• Task brief:
Copy every line of the data below exactly as given, except for the pictures.

• The data:
= = = =

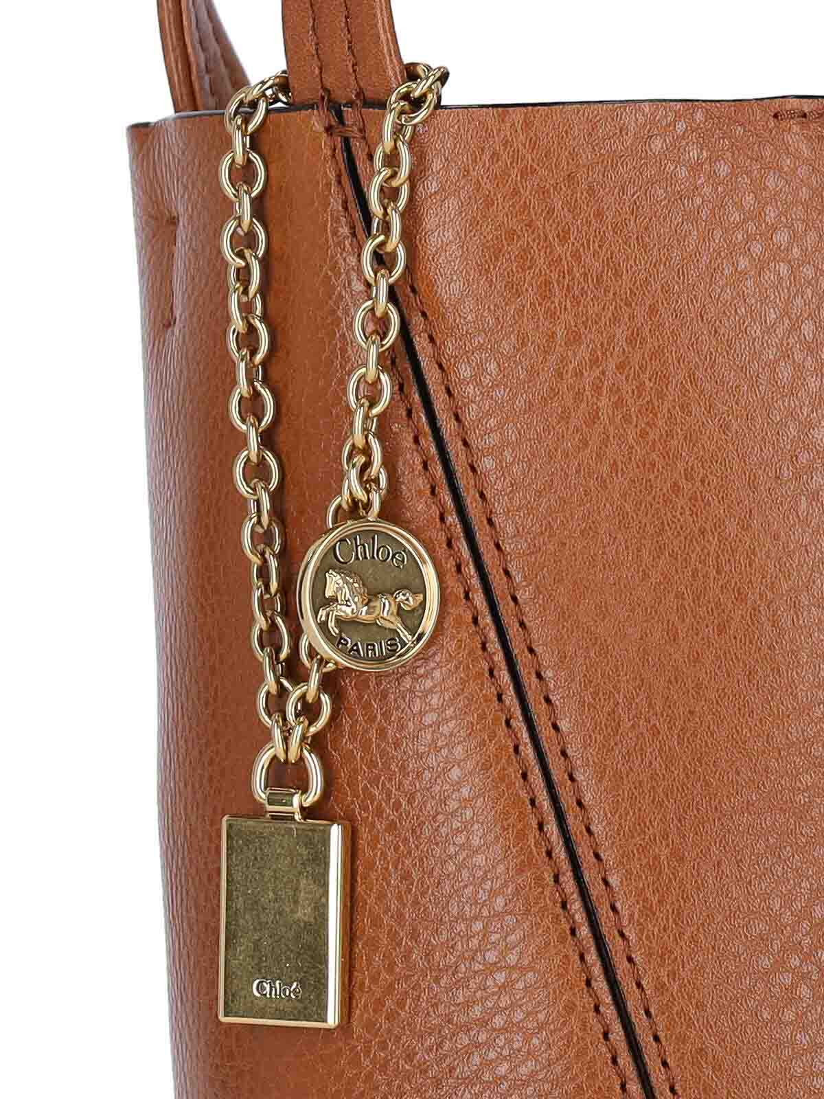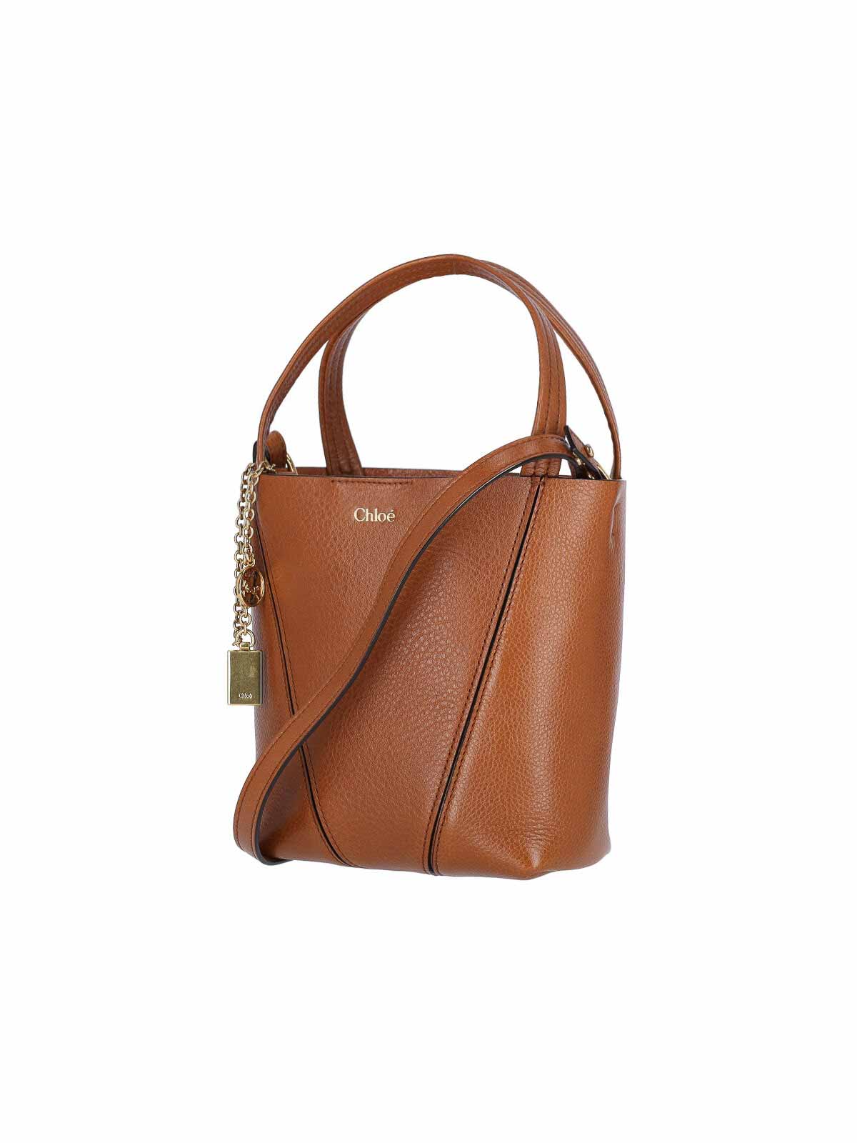 Bolso giratorio pequeño, en piel martillada marrón, dos asas ajustables con anillo de metal dorado, detalle de cadena extraíble en metal dorado con colgante, correa de hombro ajustable y extraíble, cierre magnético, estampado del logotipo dorado y un compartimento interno único.
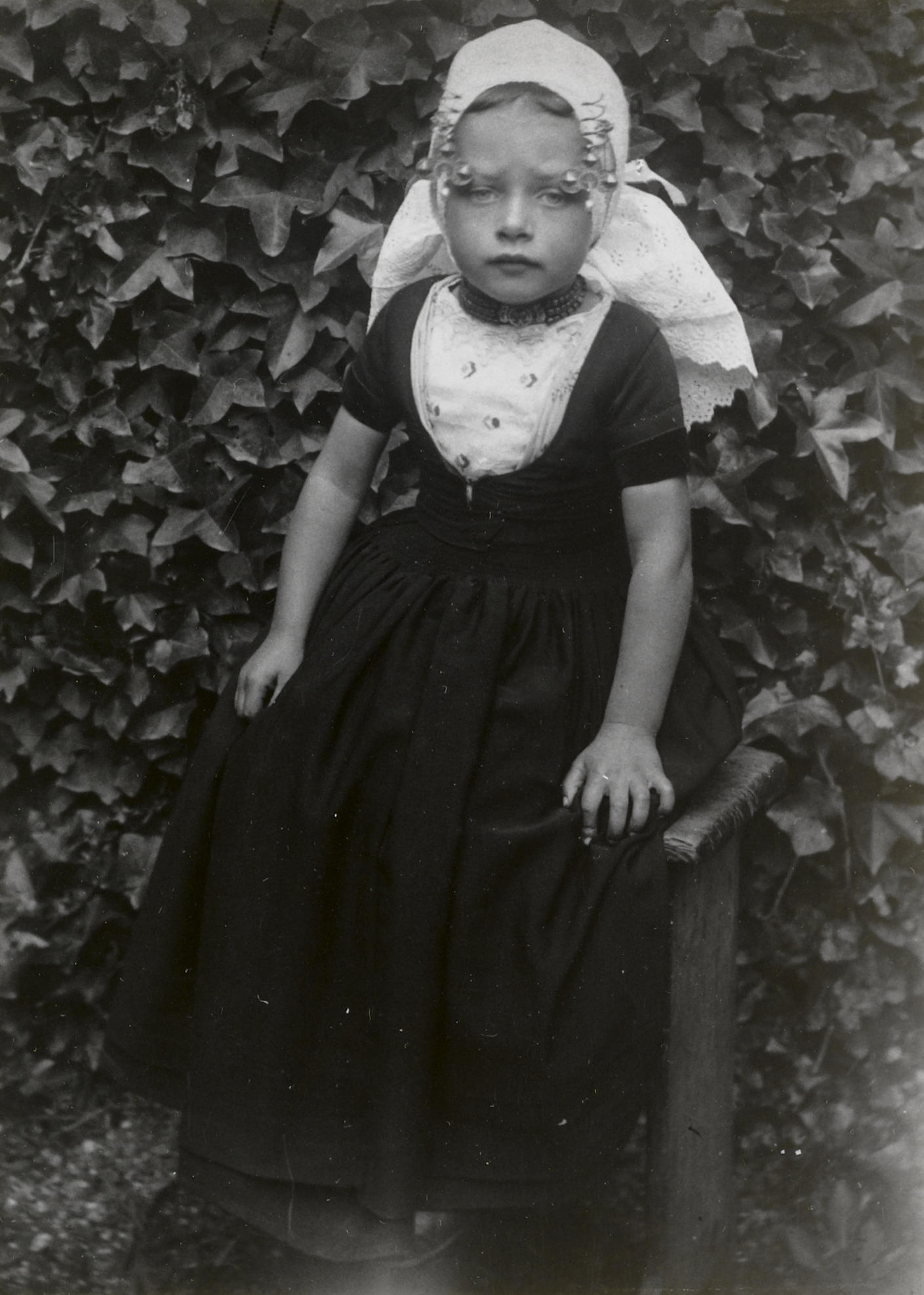 Meisje in Walcherse streekdracht, 1913–1916 (zwart-wit foto)
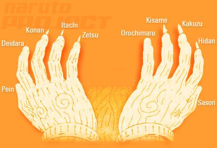 Pain & Konan – {spoiler} a última dupla a aparecer contém a única mulher da organização. Os dois agem em sincronia um com o outro, por Konan ser submissa às ordens de Pain, e pelo fato dos dois serem completamente focados em um objetivo em comum. {spoiler}

= = = =

• Reply:
 Bolso giratorio pequeño, en piel martillada marrón, dos asas ajustables con anillo de metal dorado, detalle de cadena extraíble en metal dorado con colgante, correa de hombro ajustable y extraíble, cierre magnético, estampado del logotipo dorado y un compartimento interno único.
 Meisje in Walcherse streekdracht, 1913–1916 (zwart-wit foto)
 Pain & Konan – {spoiler} a última dupla a aparecer contém a única mulher da organização. Os dois agem em sincronia um com o outro, por Konan ser submissa às ordens de Pain, e pelo fato dos dois serem completamente focados em um objetivo em comum. {spoiler}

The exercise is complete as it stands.